In this second of a three part series on the Sacred Liturgy, we wish to consider the sacred signs and symbols, times and places, words and gestures involved in the proper celebration of the Liturgy. It seems that modern times, the age of technology, has been estranged from the “archaic” use of signs or symbols, and modern man can no longer “read the signs of the times” or anything at all that is not immediately evident to the senses or scientifically analyzed. Gestures, such as genuflections before the tabernacle, seem artificial and, therefore, unnecessary. After all, if God is everywhere, why should I kneel before Him in the tabernacle? If we have been redeemed by Christ and now enabled to worship “in spirit and in truth”, if God sees us always and everywhere, why do we need to pray at a church or on a particular day? If God is present in my neighbor, can’t I serve Him by simply loving my neighbor? Why do we need a ritual? In short, the question is, if the reality of God’s Kingdom foreshadowed in the Old Testament has arrived with Christ, why do we still need images or mediating symbols? We want to answer this question in general, before going on to discuss particular signs used in the Liturgy.
The Use of Signs in General in the Historical Age of the Church
Precisely because man of the age of technology is so averse to what cannot be plainly understood and seen, Pope Benedict has requested a renewal of “mystagogical catechesis” particularly in regard to the Liturgy, so that through a greater sensitivity for signs and symbols, which point to an otherwise unapproachable, transcendent reality—God and the world of angels and saints—man may again aspire to “what is above” (cf. Col 1:3) and penetrate into this world through a more conscious participation in the Sacred Mysteries. Yes, the Kingdom of God has arrived in Christ. Nevertheless, as the Fathers explain, there are three stages in the economy of salvation. In the Old Testament, we have the shadow of God’s union with man in the first covenant and the Temple offerings. With the coming of Christ and through His redemptive Sacrifice on the Cross—the beginning of the time of the Church—the reality is present invisibly by grace, yet in image, that is, hiddenly. “As St. Gregory the Great puts it, it is still only the time of dawn, when darkness and light are intermingled. The sun is rising, but it has still not reached its zenith. Thus the time of the New Testament is a peculiar kind of ‘in-between’, a mixture of ‘already and not yet’” (Cardinal Ratzinger, Spirit of the Liturgy—hereafter, only the page is given—p. 54). Only when we reach heaven, the time of fulfillment, will the veil be dropped and we shall “see Him as He is” (1 Jn 3:2). We shall enjoy the reality of union with God and with one another in God forever in the Beatific Vision.

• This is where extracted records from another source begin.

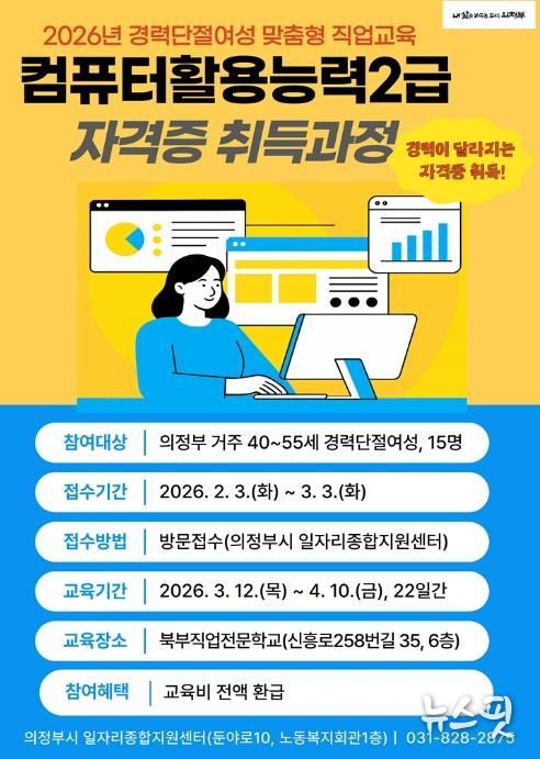 (뉴스핏 = 김호 기자) 의정부시는 경력단절여성의 취업역량 강화를 위해 2월 3일부터 3월 3일까지 ‘컴퓨터활용능력2급 자격증 취득과정’ 참여자를 모집한다.
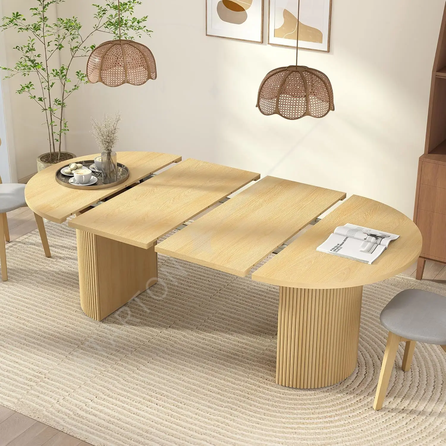 Table de cuisine ronde extensible avec piétement cannelé, style ferme moderne, table de salle à manger extensible de 104 cm à 198 cm pour 4 à 8 personnes
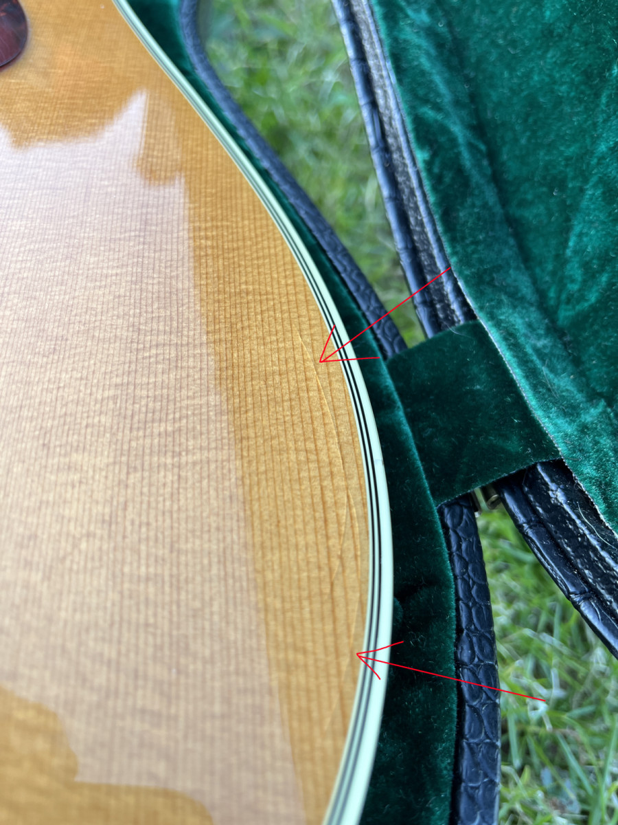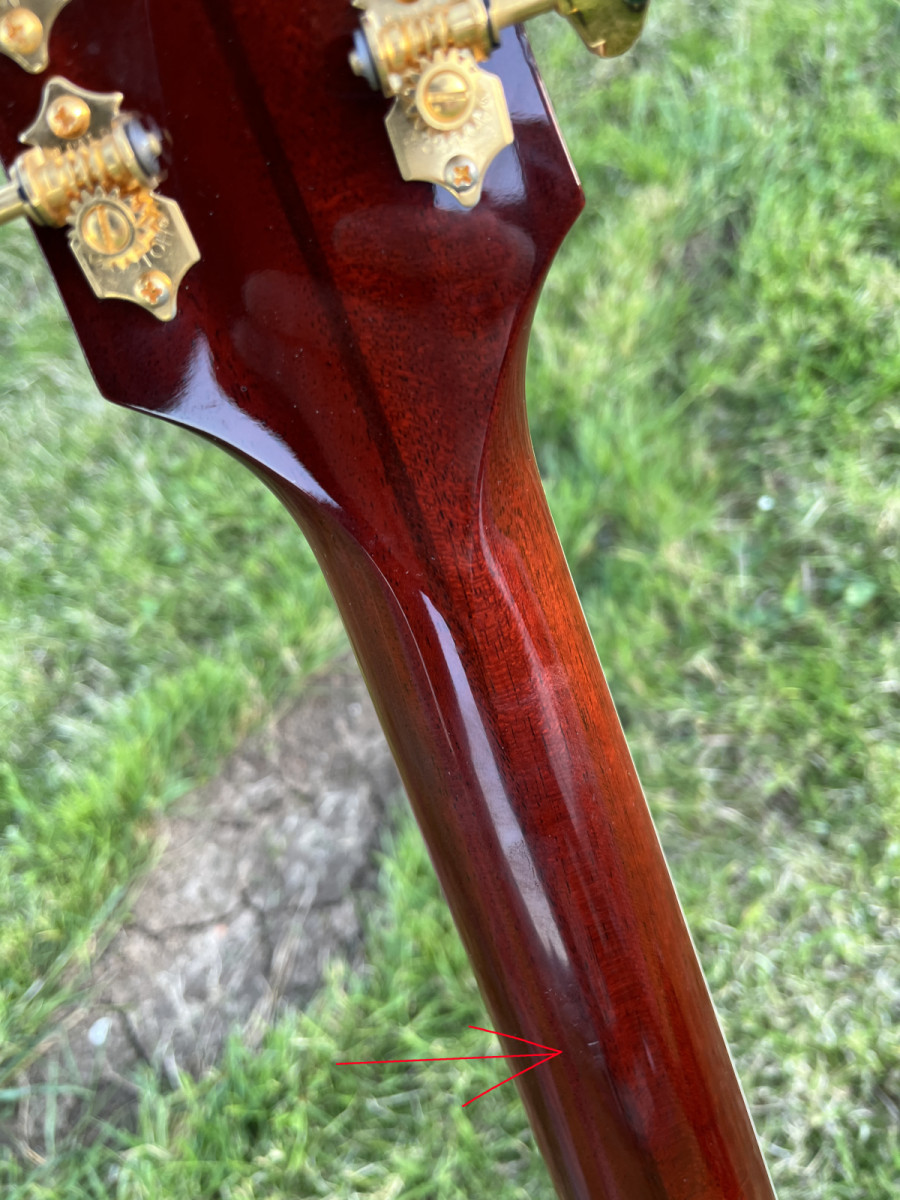 Está en plena forma. Tiene algunas marcas lógicas del uso, pero nada grave, lo marco en las fotos. Lo mas reseñable es un golpecito que sufrió en el mástil por detrás, a la altura del quinto traste, pero el luthier lo arregló con maestría y no se nota al tacto, y a la vista lo encuentras porque lo marco en la foto, que si no, es imperceptible.
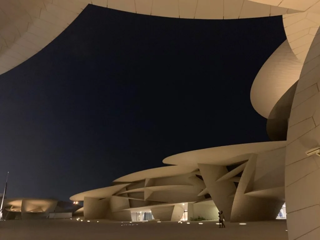 Jag anländer till museet när det öppnar klockan åtta på kvällen. Det är Ramadan och det sprillans nya Nationalmuseet i Qatar har nattöppet eftersom ingen orkar gå på en utställning på dagtid när temperaturen går upp emot femtio grader och man varken äter eller dricker på allmän plats.
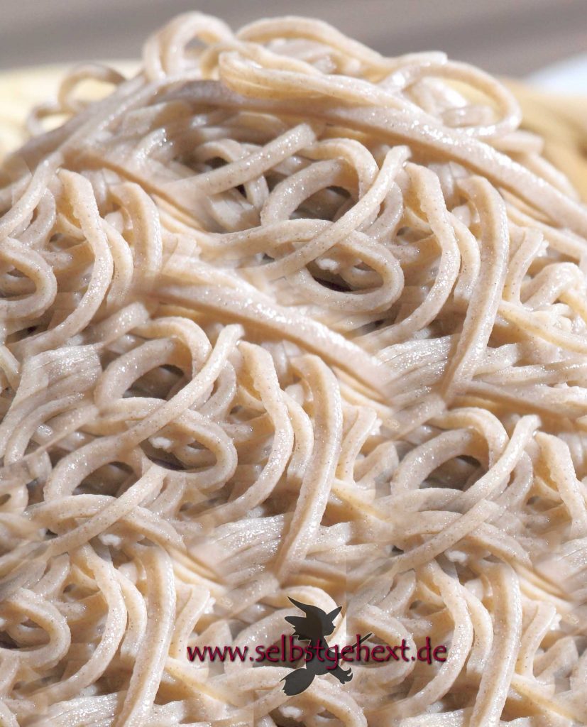 Maronenfleisch noch heiß zerstampfen. 80 ml Milch, Mark einer halben Vanilleschote und 40 Gramm Puderzucker unterheben. Das Püree durch einen Fleischwolf oder eine Spätzlepresse auf die Teller drücken. Dekorieren kann man es mit Kirschsoße und weißer geraspelter Schokolade. Eben genau wie Spaghetti mit Tomatensoße und Parmesan. 😉

The Three Levels of Liturgy
As in the economy of salvation, Cardinal Ratzinger explains, so too in the Liturgy there are three levels. We are all familiar with the strictly liturgical level, the celebration of the Liturgy as we experience it today and which was first revealed at the Last Supper. But the celebration of the Liturgy presupposes an underlying “reality that is substantially present” and distinguishes it from a simple game of words. “The Lord could say that His Body was ‘given’ only because He had in fact given it; He could present His Blood in the new chalice as shed for many only because He really had shed it” (p. 55). The sacrificial death of Christ on the Cross and the Resurrection is the “foundation of reality that undergirds Christian Liturgy”; this reality is made present every time the Mass is celebrated.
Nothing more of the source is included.